RECORDED INFORMATION section start

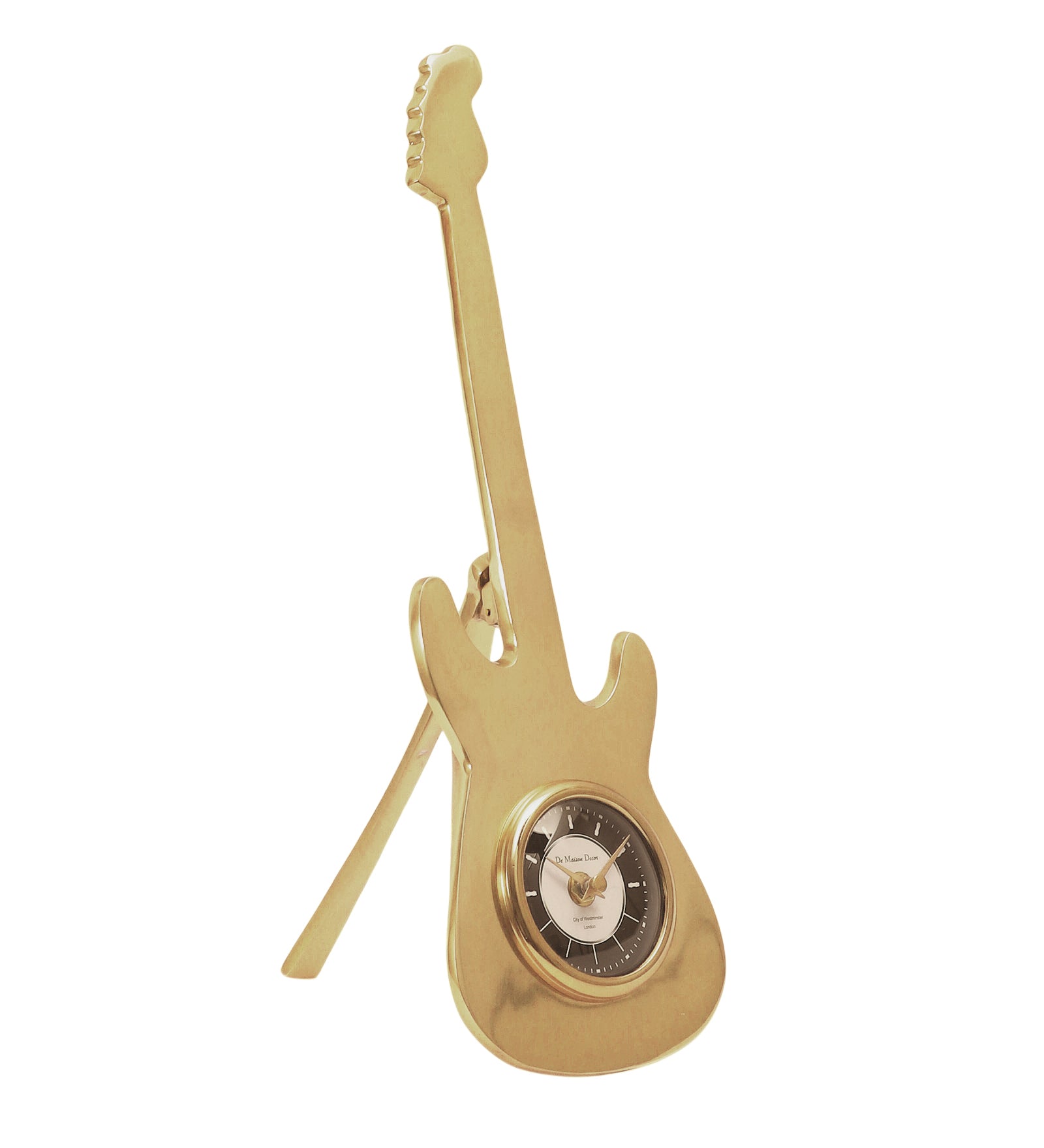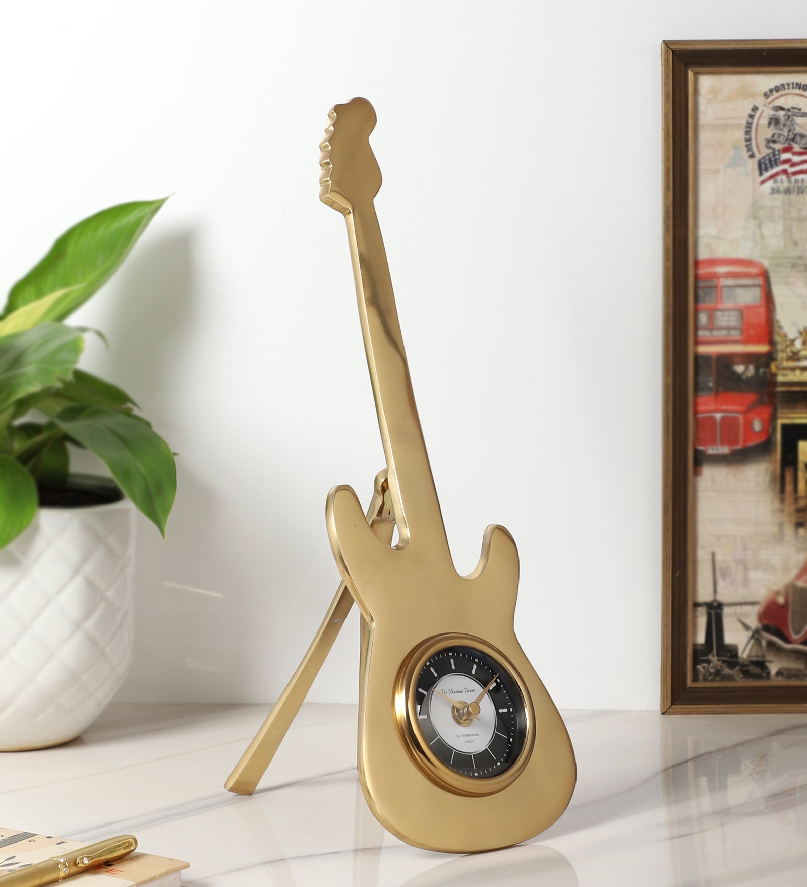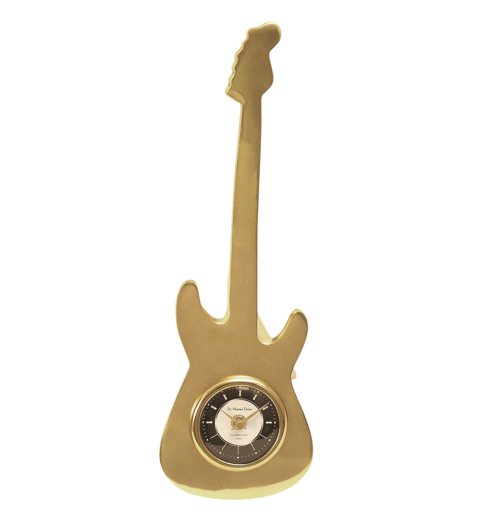 A tribute to timeless tunes, the Encore Table Clock strikes a perfect balance between music and metal. Shaped like a guitar, this charming piece adds a lyrical edge to your décor while keeping time in rhythm.
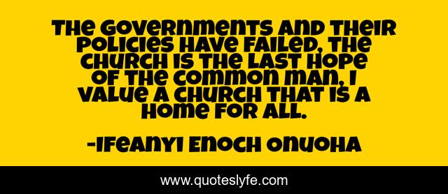 This page presents the quote "The governments and their policies have failed, the church is the last hope of the common man, I value a church that is a home for all.". Author of this quote is Ifeanyi Enoch Onuoha. This quote is about church, government,.
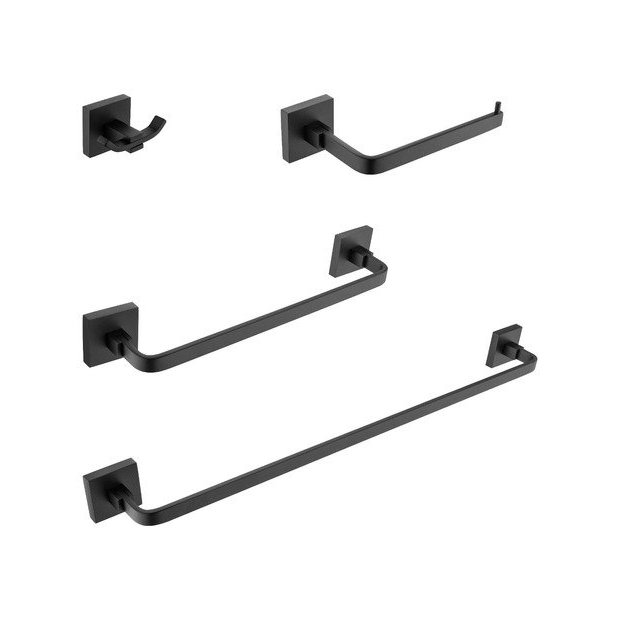 Kit de acessório para banheiro 4 peças: cabide, porta papel higiênico, porta toalha de rosto e porta toalheiro de banho barra simples.
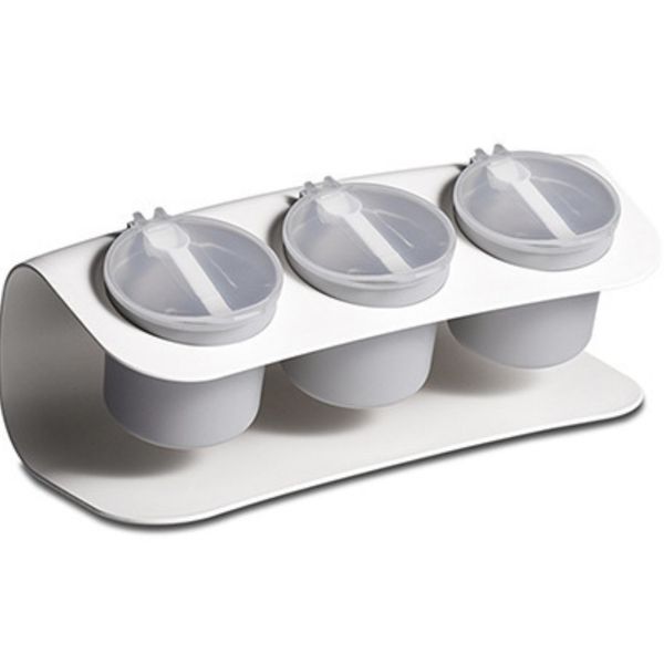 北歐簡約白3格調味盒連架(包匙) 托盤式廚房套裝調料罐附調味匙 三格鹽罐糖罐 味精盒 鷹粟粉 家用塑料佐料瓶 調料罐 調味品罐 無印風生活用品白色

RECORDED INFORMATION section end

DIRECTIONS: Give back exactly the lines from the line with "Kit de acessório" through the end of the material above, and omit every picture.

TASK RESULT:
 Kit de acessório para banheiro 4 peças: cabide, porta papel higiênico, porta toalha de rosto e porta toalheiro de banho barra simples.
 北歐簡約白3格調味盒連架(包匙) 托盤式廚房套裝調料罐附調味匙 三格鹽罐糖罐 味精盒 鷹粟粉 家用塑料佐料瓶 調料罐 調味品罐 無印風生活用品白色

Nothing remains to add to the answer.